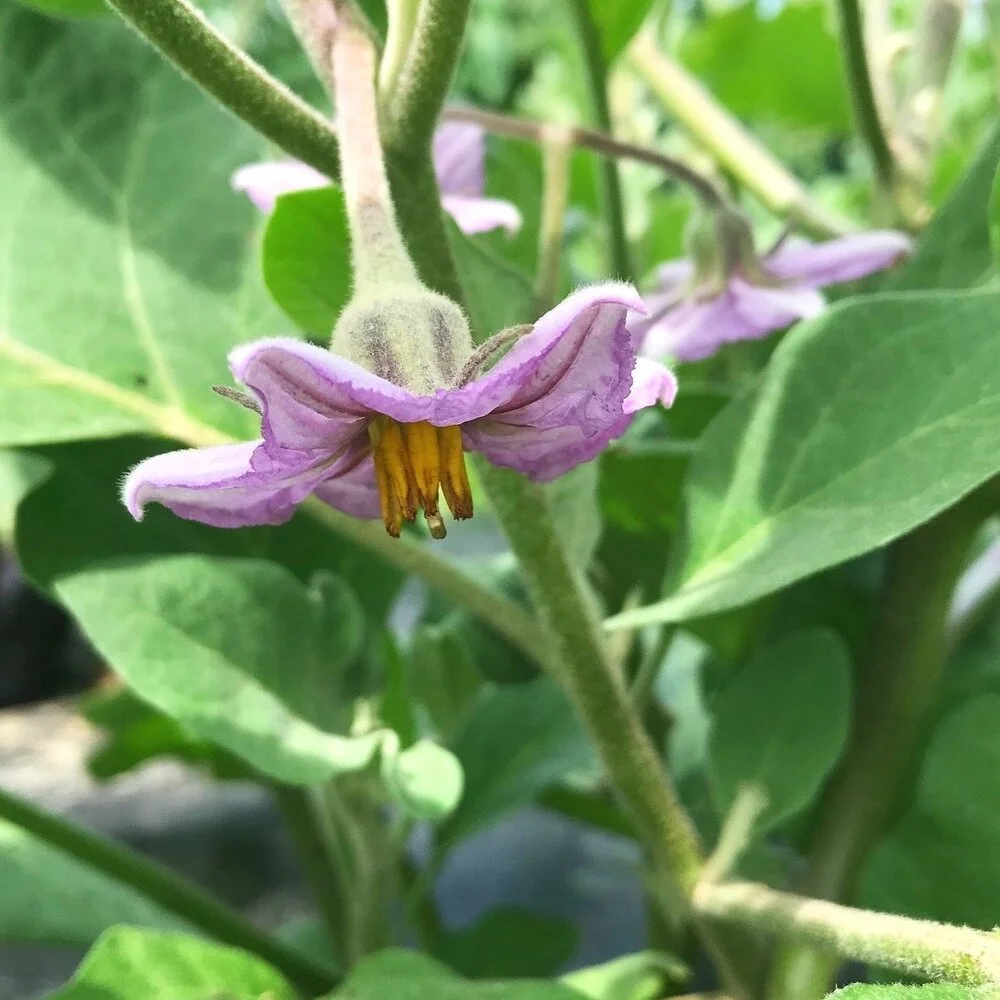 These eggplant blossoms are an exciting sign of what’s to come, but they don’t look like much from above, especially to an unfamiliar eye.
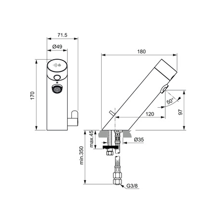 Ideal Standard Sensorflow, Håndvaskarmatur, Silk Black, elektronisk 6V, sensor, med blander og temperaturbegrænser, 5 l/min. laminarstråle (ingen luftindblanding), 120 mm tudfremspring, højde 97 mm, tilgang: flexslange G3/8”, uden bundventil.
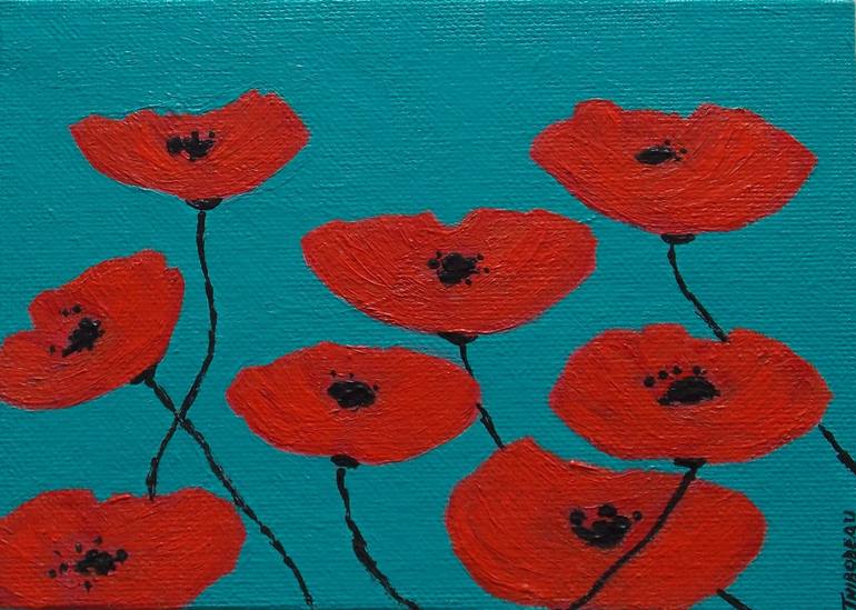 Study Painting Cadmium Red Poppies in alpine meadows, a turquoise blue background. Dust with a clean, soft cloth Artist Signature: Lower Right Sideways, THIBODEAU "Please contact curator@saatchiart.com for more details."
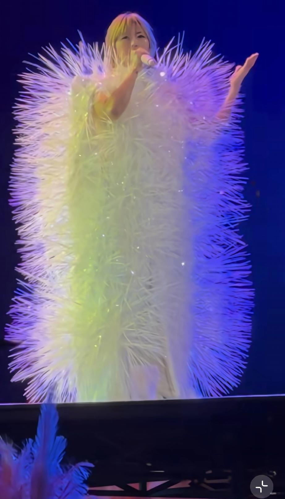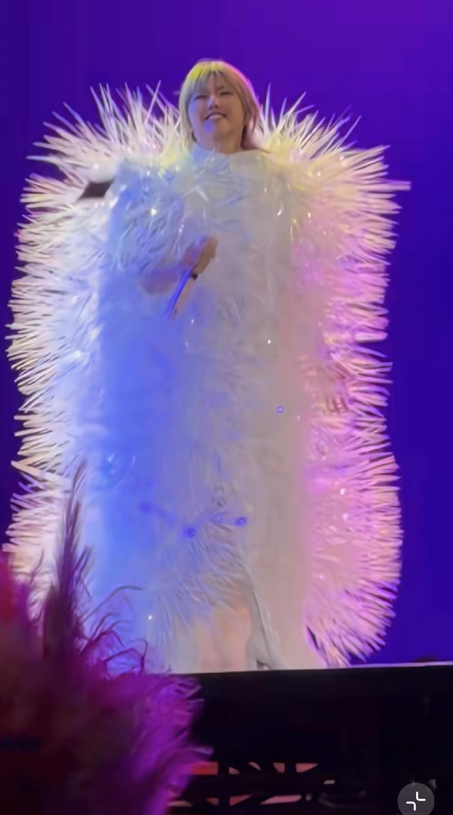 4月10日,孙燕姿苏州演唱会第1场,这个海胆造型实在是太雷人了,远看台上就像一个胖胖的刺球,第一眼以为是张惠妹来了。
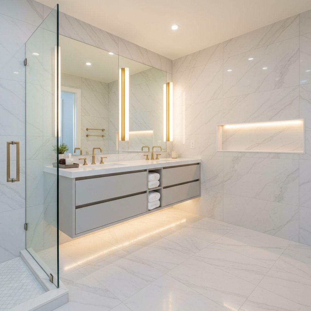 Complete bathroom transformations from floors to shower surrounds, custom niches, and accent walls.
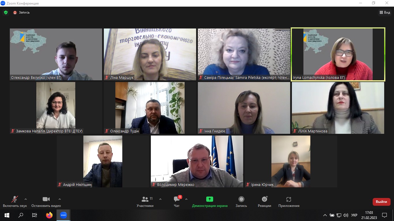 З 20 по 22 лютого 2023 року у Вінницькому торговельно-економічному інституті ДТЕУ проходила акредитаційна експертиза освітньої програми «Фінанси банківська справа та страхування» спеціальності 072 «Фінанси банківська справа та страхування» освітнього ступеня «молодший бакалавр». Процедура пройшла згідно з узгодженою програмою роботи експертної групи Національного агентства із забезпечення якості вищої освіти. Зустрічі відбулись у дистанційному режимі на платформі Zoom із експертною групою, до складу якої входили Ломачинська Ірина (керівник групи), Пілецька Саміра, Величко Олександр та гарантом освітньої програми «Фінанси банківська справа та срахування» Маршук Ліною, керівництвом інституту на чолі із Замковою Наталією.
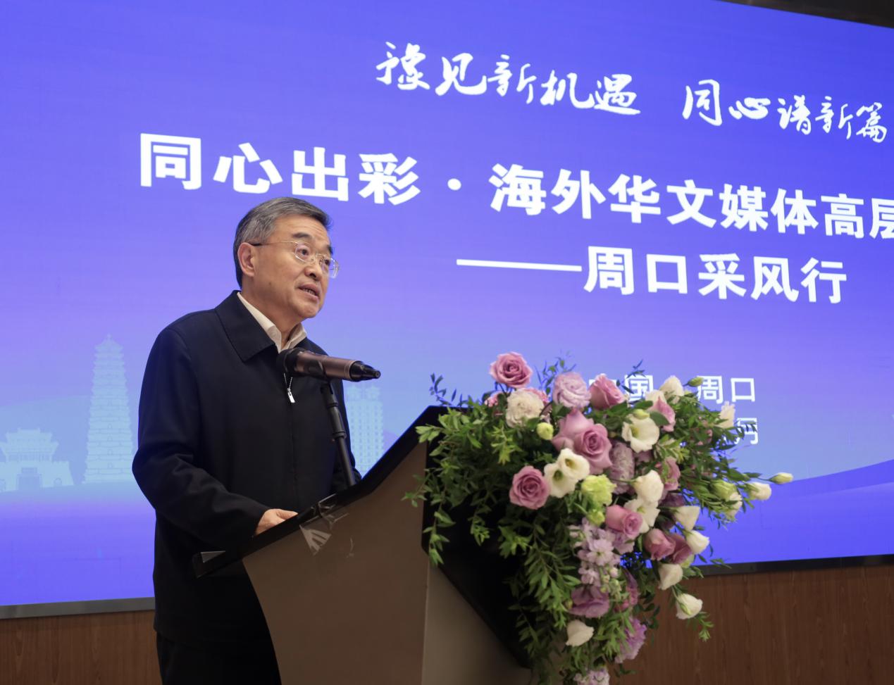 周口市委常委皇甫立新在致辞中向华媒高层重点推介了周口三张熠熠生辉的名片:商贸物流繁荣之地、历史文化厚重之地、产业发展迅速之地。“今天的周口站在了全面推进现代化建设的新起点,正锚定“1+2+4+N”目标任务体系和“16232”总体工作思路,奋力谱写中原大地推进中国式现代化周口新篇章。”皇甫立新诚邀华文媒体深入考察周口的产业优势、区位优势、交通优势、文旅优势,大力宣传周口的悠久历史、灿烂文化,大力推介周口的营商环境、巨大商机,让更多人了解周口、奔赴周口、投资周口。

Aim of the task: After dropping the pictures, please set down the lines from the beginning of the listing through the line containing "Ideal Standard Sensorflow, Håndvaskarmatur, Silk", both included, exactly as they stand.

Task answer:
 These eggplant blossoms are an exciting sign of what’s to come, but they don’t look like much from above, especially to an unfamiliar eye.
 Ideal Standard Sensorflow, Håndvaskarmatur, Silk Black, elektronisk 6V, sensor, med blander og temperaturbegrænser, 5 l/min. laminarstråle (ingen luftindblanding), 120 mm tudfremspring, højde 97 mm, tilgang: flexslange G3/8”, uden bundventil.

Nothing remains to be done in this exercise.